When I tell people I went to college, they’re not surprised. But when I tell them I studied Marine Navigation Technology, that’s a different story. Most people don’t know you can go to college right here in Ontario and learn, hands-on, how to drive a ship. In fact, the Centre for Marine Training and Research is one of only a handful of institutions in all of Canada that offers a Transport Canada approved marine cadet training program.

It’s a three-year intensive study program, with a combined 12-month co-op program, where cadets gain theoretical knowledge and practical skills, along with real-world experience and sea time serving onboard various ships from tugs to cargo vessels to cruise liners.

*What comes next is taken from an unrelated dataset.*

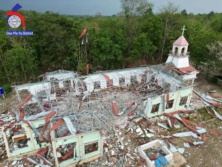 而作为政府军的对手克伦民族解放军仅仅有 10余人的伤亡,缅甸政府军打不过就开始用战斗机进行无差别轰炸,只要是有嫌疑的建筑通通进行投弹轰炸处理,不管是学校还是教堂无一幸免,全部被炸弹炸成废墟!

The marine training center is part of the larger Georgian College campus in the City of Owen Sound on the southern shore of Georgian Bay. The purpose-built facility offers state-of-the-art training facilities, including bridge and engine room simulators. The marine instructors are industry veterans, holding their own Transport Canada licenses, with years of sea time and some are graduates from the same program they now teach.

The program is demanding and provides plenty of challenges, but the career prospects for graduates are impressive with many grads securing high-paying jobs on one of the many freighters plying the Great Lakes. Other cadets find positions with ocean-going vessels of all sorts, and a few even end up manning the bridge of passenger ferries and cruise liners. Still, others take the valuable life lessons learned and apply their skills in their chosen fields.

Fire Fighting

Fire-fighting training is one of the most intense elements of the cadet training program. A fire at sea is a tremendous danger to the vessel and its crew. There is no calling 911, and no local fire department will show up, so it’s up to the crew to know how to fight fires, which take on new dangers in the tight, steel confines of a large ship. Training is very thorough and graduating cadets are well-prepared to face ship-board emergencies.

Scenery

The co-op portion of the program allows cadets to travel to all corners of the continent, and sometimes the globe. My placement aboard the M/S Chee-Chemaun kept me close to home, but I did spend months exploring the amazing natural beauty of the Bruce Penninsula, including the Grotto, Fathom Five National Park, Bruce National Park, trails, beaches, and campgrounds. Other cadet’s traveled farther, from the fjords of Norway to the Panama Canal and even the Northwest Passage.

Ship

Most cadets serve their required 365-days of sea time on board a cargo vessel of some sort, but my aspirations were to work on passenger’s vessels. I was fortunate to land a cadet berth on one of the few large passenger vessels that operate within the province. The M/S Che-Cheemaun is a 365-foot car ferry operating a route between Tobermory and South Baymouth. It’s an icon for travel and exploration in Ontario and provided an amazing experience for a cadet. The ferry company (like most Great Lakes shipping companies) maintains a close relationship with the college and is very much vested in the training and development of new officers.

Algoway

Plenty of unplanned opportunities presented themselves over the course of the program. During the winter semester of the first year, the Algoway spent the season in the Owen Sound harbor and our class was treated to a full tour. This was the first time on board a large cargo ship for most of us and provided a small taste of what our lives we’re going to look like in a few short years. The Algoway is a self-unloading bulk freighter. Many cadets would go on to serve their co-ops and their careers on board vessels just like this one.